California enacted the Age-Appropriate Design Code Act (AADC) last Thursday, September 15th– which will impose significant new child and teen safety requirements on a large variety of online services. The AADC goes into effect on July 1, 2024.
ZwillGen previewed this Act last March, shortly after it was introduced alongside similar potential federal legislation. Although the federal legislation has not made much progress, CA moved this bill quickly into law. The Act’s final version contains a few substantial changes from last spring, which are noted below with the full breakdown of the AADC’s requirements.
The AADC closely tracks a similar children’s design code adopted in the United Kingdom, with the main differences being the AADC’s focus on a child’s mental and physical “well-being,” and the lack of prescriptive requirements surrounding how to comply, such as the UK’s requirement to present tailored and “bite-sized” legal terms to different age ranges of minor users.
The AADC applies broadly to all “businesses that provide online services, products, or features that children are likely to access.” Unlike the Children’s Online Privacy Protection Act (COPPA), which defines children as under 13 years of age, the AADC broadens the definition to all individuals under 18 years of age.
“Likely to be accessed by children” is defined as the “reasonable likelihood” that a child will access a service based on a list of six delineated factors. These factors include the COPPA standard for a service being “directed” to children, but also include a variety of factors that require the service to assess if a child is likely to access the service. For example, whether the service “has design elements that are known to be of interest to children.”
The AADC imposes several affirmative requirements on covered businesses. A few of the main actions that businesses will be required to take include:
- Complete a data protection impact assessment (DPIA) for every new online service, product, or feature likely to be accessed by children that documents and measures the “risk of material detriment to children;”
- This must be completed by all current services prior to the July 1, 2024 implementation date.
- Set default privacy settings at a “high” level of privacy unless the business can demonstrate a “compelling reason” that a different setting is in the “best interest” of children;
- This requirement was amended to decrease the requirement from the previous language which required the “highest level of privacy.”
- Provide privacy policies and other related information “prominently” and in “clear language that is suited to the age of children likely to access;” and
- Provide an “obvious signal” to the child if the online service tracks their online activity.
Businesses’ services, products, or features will not be allowed to do the following:
- Use a child’s personal information in a way that is “materially detrimental” to their physical or mental health or well-being;
- Profile a child by default unless they meet a narrow exception;
- Collect, sell, share, or retain a child’s personal information in a way that is not “necessary” to provide the service, product, or feature unless there is a “compelling reason” that is in the best interest of the child;
- Collect, sell, or share any precise geolocation data of children by default unless it is “strictly necessary” to provide the service, product, or feature;
- This requirement was amended from the “compelling” reason language seen elsewhere in the statute – making this provision the hardest exception to meet in the bill.
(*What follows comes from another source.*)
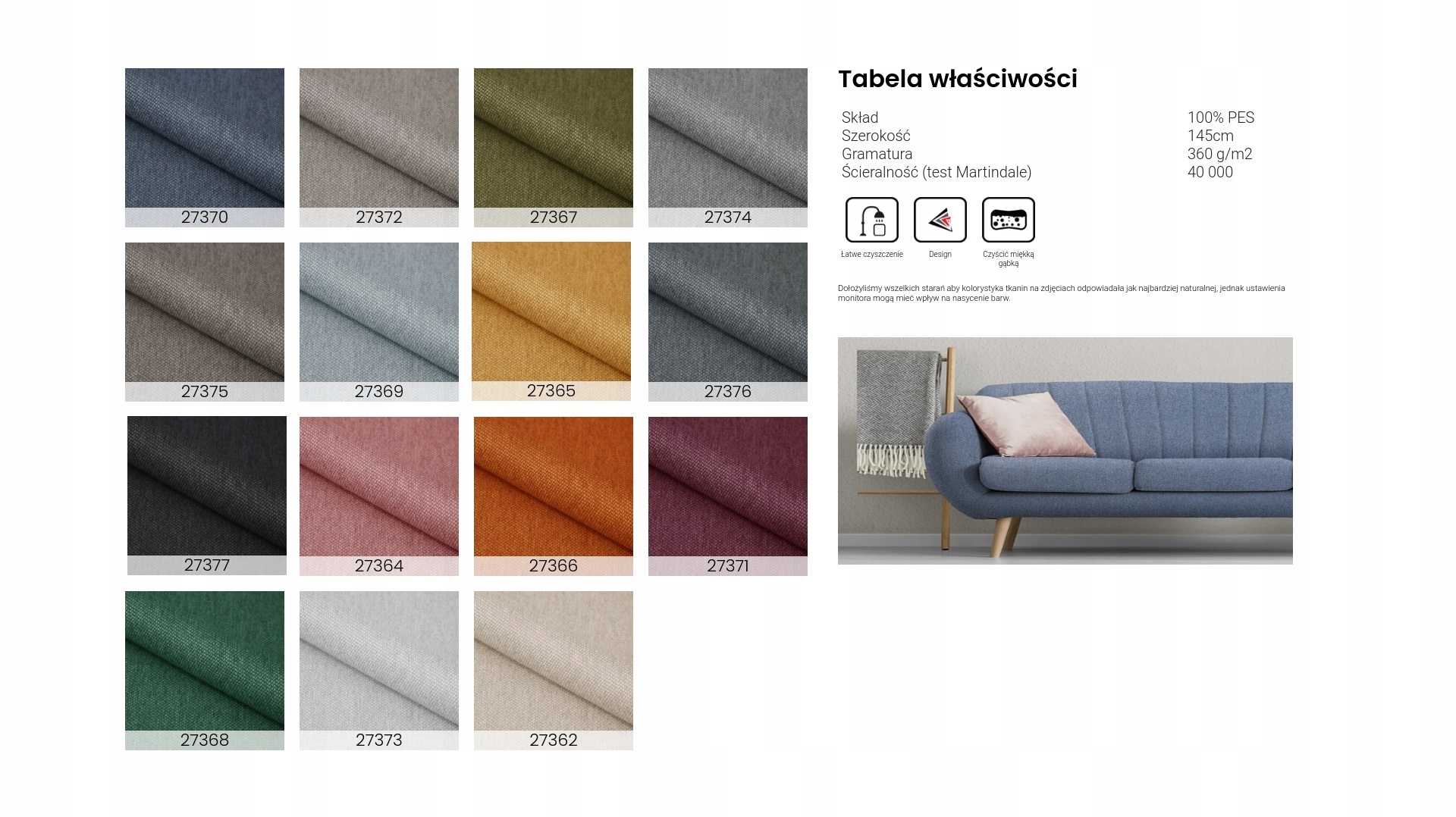 ⇝ впишеться в багато сучасних, але також і більш традиційних концепцій аранжування. Він має достатню міцність і ідеально вписується в оббивку меблів, що також буде виглядати надзвичайно стильно. У колекції використовується цінна технологія Nano Block, яка полегшує очищення. Рідини конденсуються на поверхні матеріалу і їх можна витерти, а сухі забруднення можна розмочити і видалити повністю, не пошкодивши саму оббивку меблів.

- Use dark patterns to lead or encourage children to provide personal information.
The AADC implements several new standards that are not yet defined in this context, including what will be considered “materially detrimental” to a child, what constitutes a “high” level of default privacy, and what will be considered a “compelling reason” to exercise exceptions to the requirements.
Further, the AADC presents complex issues surrounding age authentication. Companies have several options to comply with the age provision of the AADC, but each option has costs and benefits. For example, companies could require users to authenticate their age every time they use the online service, but this may annoy users and reduce their desire to return. Or, companies could deploy identity verification procedures that would prevent frequent age authentication, but this results in increased costs and risks associated with collecting even more personal information. Ultimately, the AADC is poised to affect all Internet users, and companies will have to decide whether to adopt extensive age authentication measures or instead raise their privacy protections across the board for all users.
While the AADC will not go into effect until July 2024, companies should start to plan for how their products may be implicated in CA’s new law and begin to prepare the required DPIAs.